しかも、これが尾崎世界観だというのが、よけいに刺さる。というのはーーファンはご記憶だろうがーークリープハイプは一昨年2014年の夏、「敢えてフェスに出ない」を実行したのだ。夏にワンマンツアーを入れて、フェスには一切出ない、というスケジュールを切って。
そして、その次の夏。『ROCK IN JAPAN FESTIVAL 2015』、このフェスで……というよりおそらく日本のロックフェスでもっとも規模の大きいGRASS STAGEに立った尾崎世界観は、MCで「去年の夏はフェスに出ないことにして、ワンマンでツアーをやった。で、『やっぱり出ればよかった』と後悔した」というような話をしていた。
勝手に補足するが、夏にワンマンツアーをやったら動員的に苦戦した、だから後悔した、というわけではないと思う。全然そんなことはなかった、でも夏のその時期にフェスに出ていない、あえてそれに背を向けた自分たちって、はたしてどうなのか? みたいな疎外感を抱いたのではないか、と推測する。
なので「今は『敢えてやらない』という選択肢がない」という尾崎の言葉は、「周囲的に」とか「業界的に」という意味もなくはないだろうが、自身のそういう強迫観念も大きいのだと思う。彼のキャラクターを考えると。
確かに、新人ロックバンドにとって、デビューして最初にかけられるふるいが「フェスに出られるかどうか」になる、という側面はある。もっと言うなら、デビュー数年を経たバンドにとって、「フェスから声がかからなくなった時が一軍から落っこちた時」という見え方も、正直、ある。
というように、フェスへの出演が一種のバロメーターであり、ロックバンドの生命線になっているところもあるのは確かだろう。

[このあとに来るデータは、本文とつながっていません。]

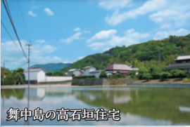
舞中島の高石垣住宅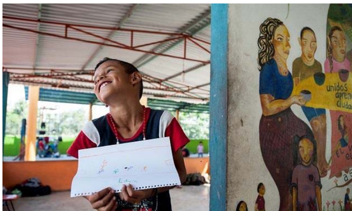
México. Las familias encuentran seguridad en los albergues financiados por el ACNUR.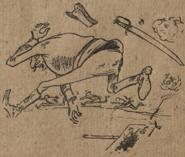
2. ახლაც ავადია. მისი ხენის სახელია „მანია პანიკოზა“.

だからみんな(バンドもそのスタッフも含めて)必死に出られるようになろうとするし、出られるようになったら、出られる自分たちを維持しようとする。
で、そのうち、スタジアム規模でツアーができるくらいバンドが大きくなれば……ざっくり言うと「フェスよりもワンマンの方が動員規模が大きい」くらいになれば、「出たい時に、何年かにいっぺん出る」みたいな形でフェスと付き合えるし、そうなるのが理想だが、やはりそれはごく少数であって、それ以外の大多数のバンドは「いつまで出られるか」「今年は出られるかどうか」というラインで、戦い続けていくことになる。

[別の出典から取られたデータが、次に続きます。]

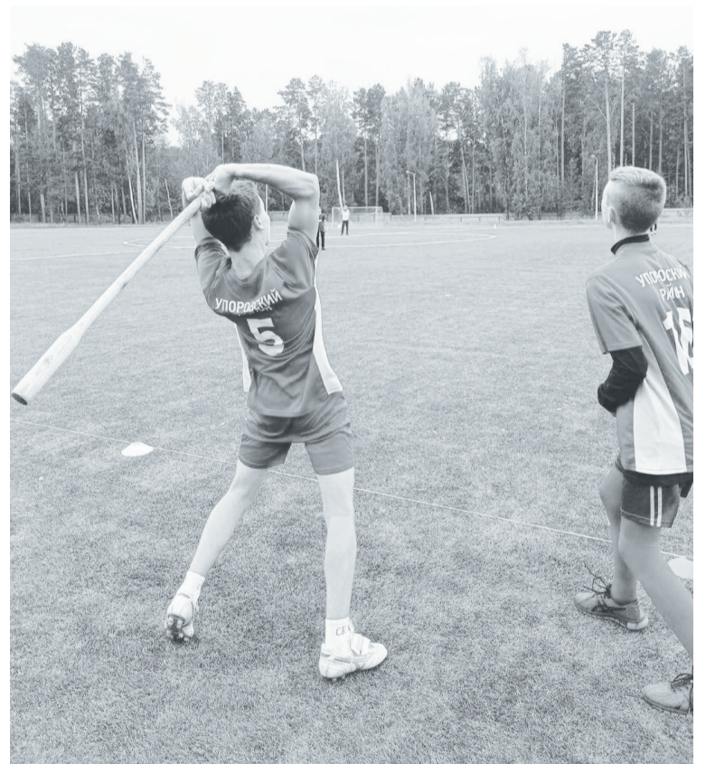
Упоровские лаптисты на XXVI Спартакиаде учащихся Тюменской области.

そういえば尾崎世界観、2015年暮の幕張メッセ『COUNTDOWN JAPAN 15/16』出演時には、もっとも大きなEARTH STAGEで、「いつまでこのステージに立てるだろうかと考える」「いつか立てなくなってここより小さいステージになっても、出演すると思う。それが怖い」みたいなMCをしていた。
いや、そんなん大なり小なりみんな感じることだろうけど、客前で言ったりしないじゃん。わざわざ言わなくても。正直な人だなあ、と思った。そんな身もフタもない正直さも、彼をいいなあと思うところのひとつなんだけど。